To do
Pictures excluded, retype the lines from the one containing "Рады представить новогодний" through the last line of the data below, both included.

Records from a dataset
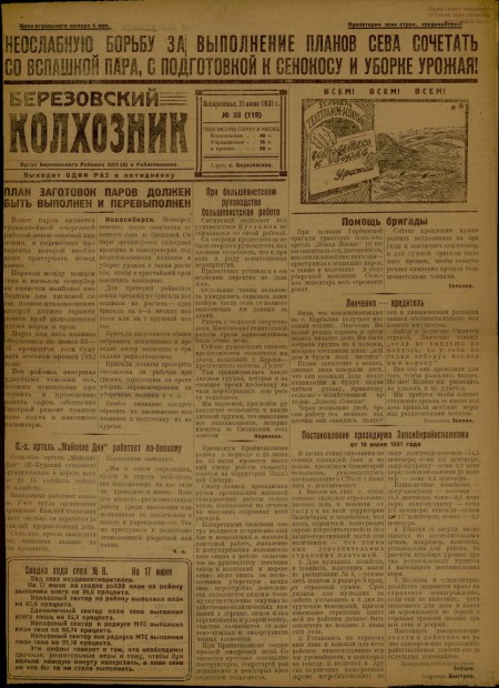Березовский колхозник : орган Березовского райкома ВКП(б) и райисполкома. - 1931. - № 33 (21 июня)
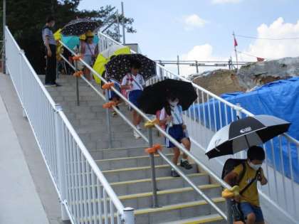 通学路変更(1) 7月13日(火) 公開日 2021/07/13 更新日 2021/07/13 お知らせ 本日の下校から正門からの登下校ができなくなり、運動場南に設置された階段から登下校することになりました。階段中央に手すりを増設、階段のふちに滑り止め設置など、安全性を高める配慮をしてもらっています。下校時は教師が階段状で交通整理をして、安全に降りられるよう指導しました。
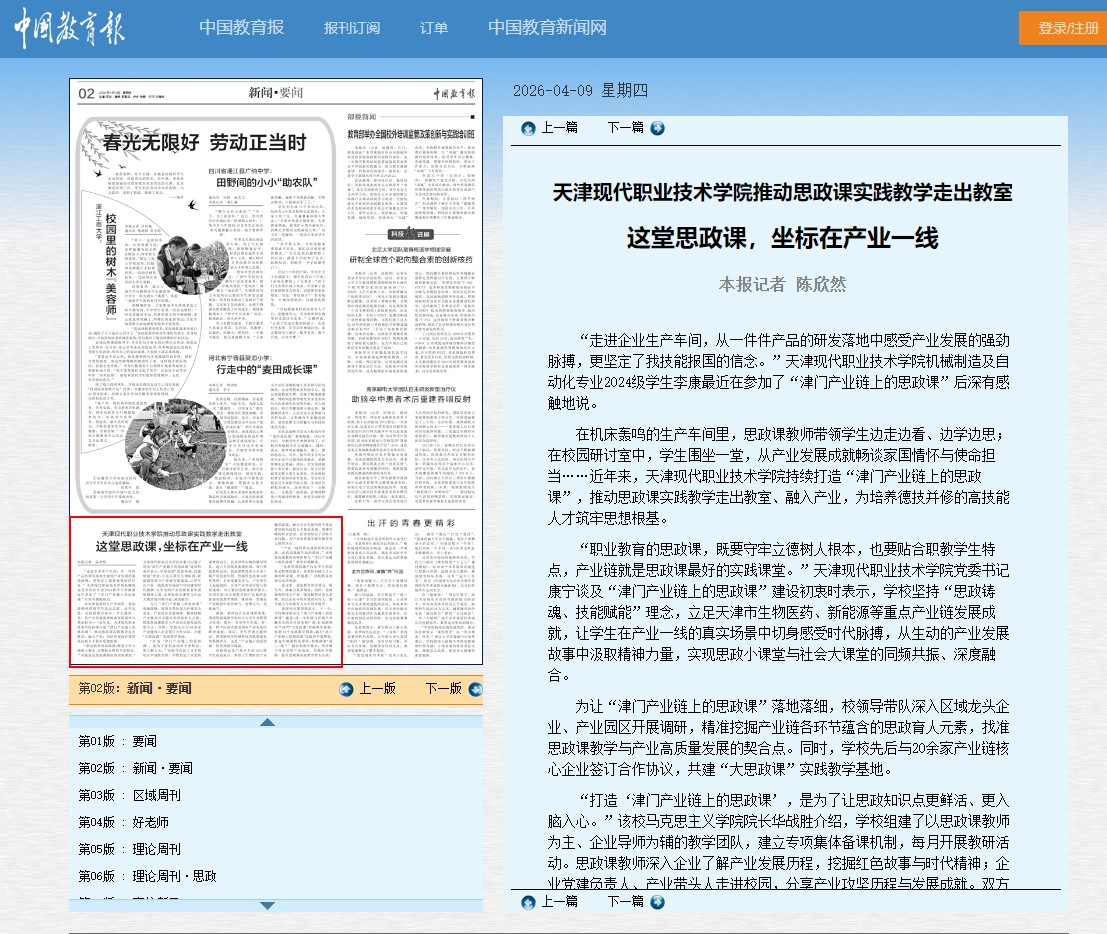 “产业一线的真实成就和鲜活故事,是思政课最生动的教材。”该校思政课教师高婵在参与“津门产业链上的思政课”教学后感慨道。
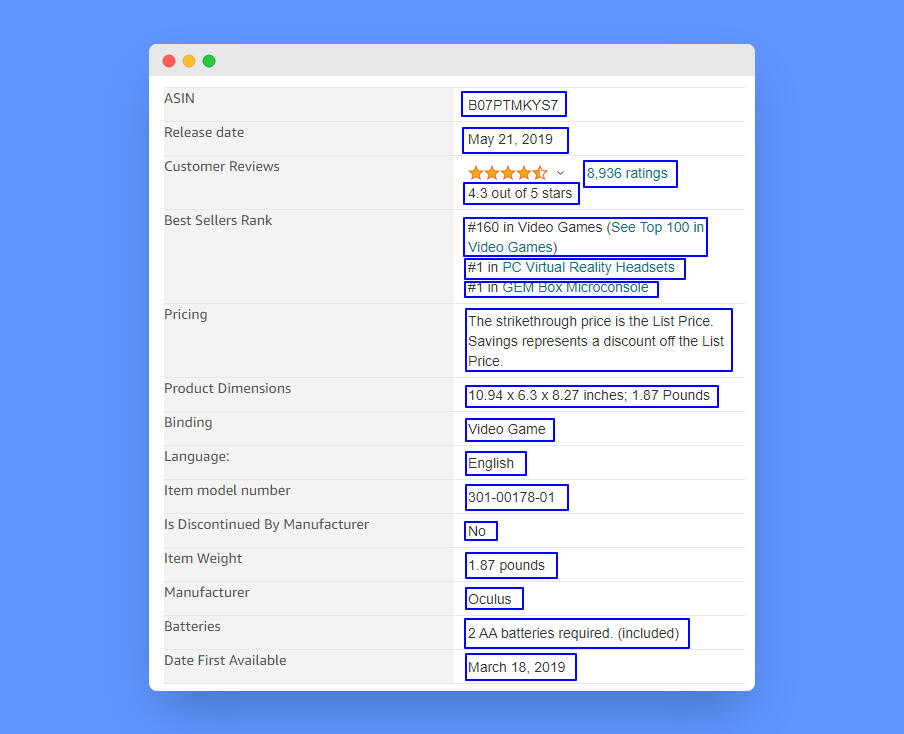 Get any kind of data from Amazon: product details, prices, reviews, competing products, seller contact data
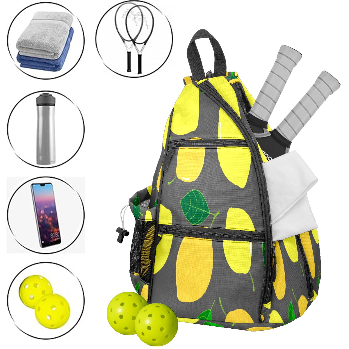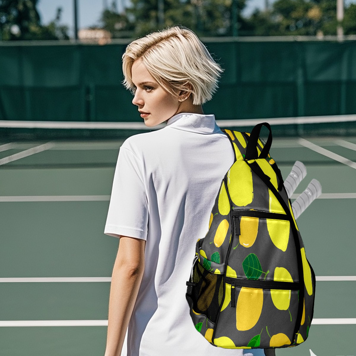 Multifunctional Pickleball Bag,Large Capacity Sports Pickleball Racket Bag, Water Bottle Holder and Fence Hook,Suitable for Both Men Women -Fresh Lemon Pattern
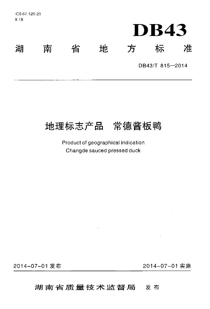 DB43/T 815-2014 地理标志产品 常德酱板鸭
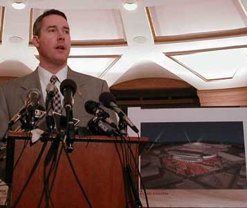 (3/22/01) - Vikings Executive Vice President Mike Kelley discuss plans for a joint Vikings-Gophers stadium.
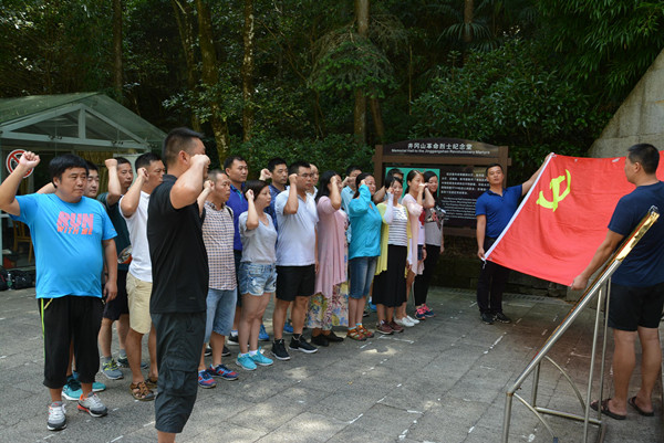 7月21日,谈球吧21名党员在党总支副书记周多奇和副经理章翔的带领下,驱车前往井冈山革命根据地进行了主题为“重温入党誓词,弘扬井冈精神”的红色革命教育活动。
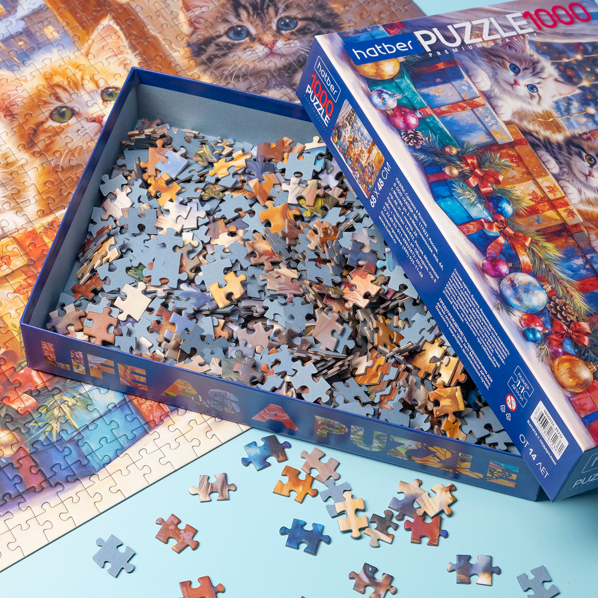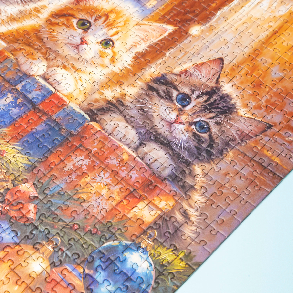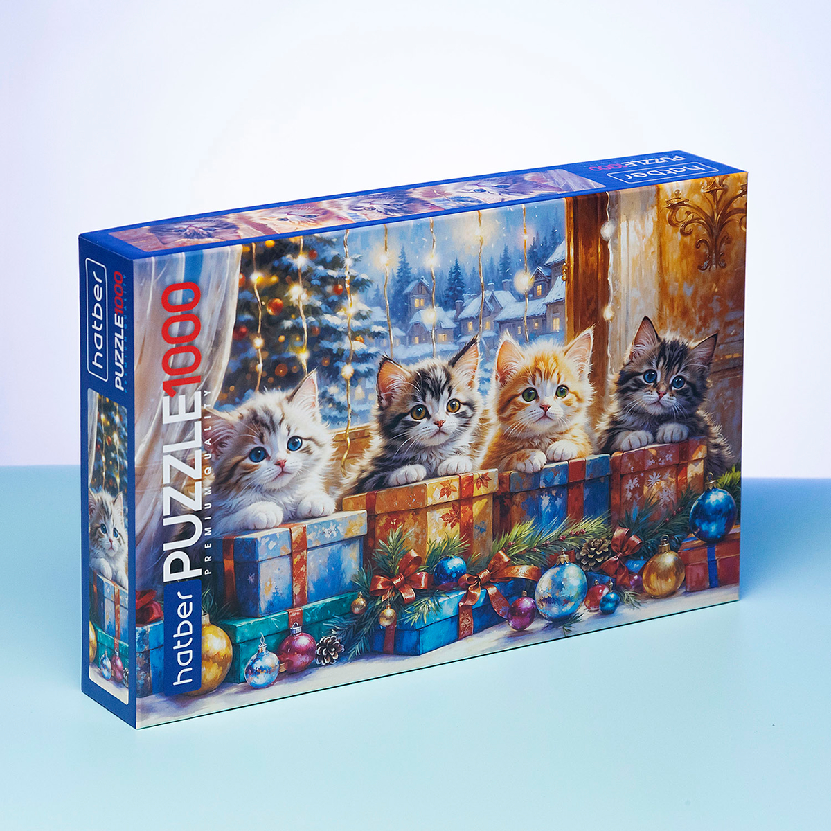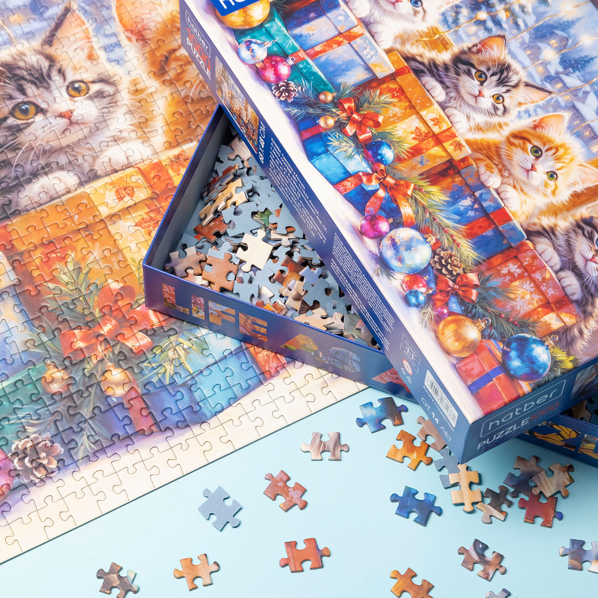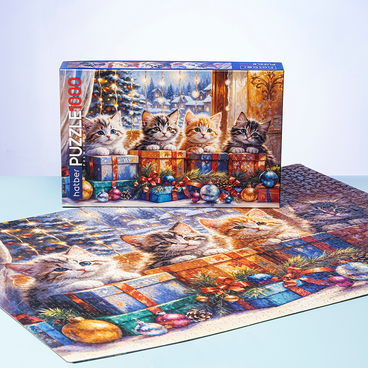 Рады представить новогодний пазл на 1000 элементов с очаровательными котятами, притаившимися среди подарков!
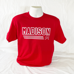 A Madison short sleeve t-shirt for our Mohawk fans. The red short sleeve t features a white “Madison” design with the classic “Flying M” on the front and is a perfect addition for any Madison Mohawk.

Worked solution
 Рады представить новогодний пазл на 1000 элементов с очаровательными котятами, притаившимися среди подарков!
 A Madison short sleeve t-shirt for our Mohawk fans. The red short sleeve t features a white “Madison” design with the classic “Flying M” on the front and is a perfect addition for any Madison Mohawk.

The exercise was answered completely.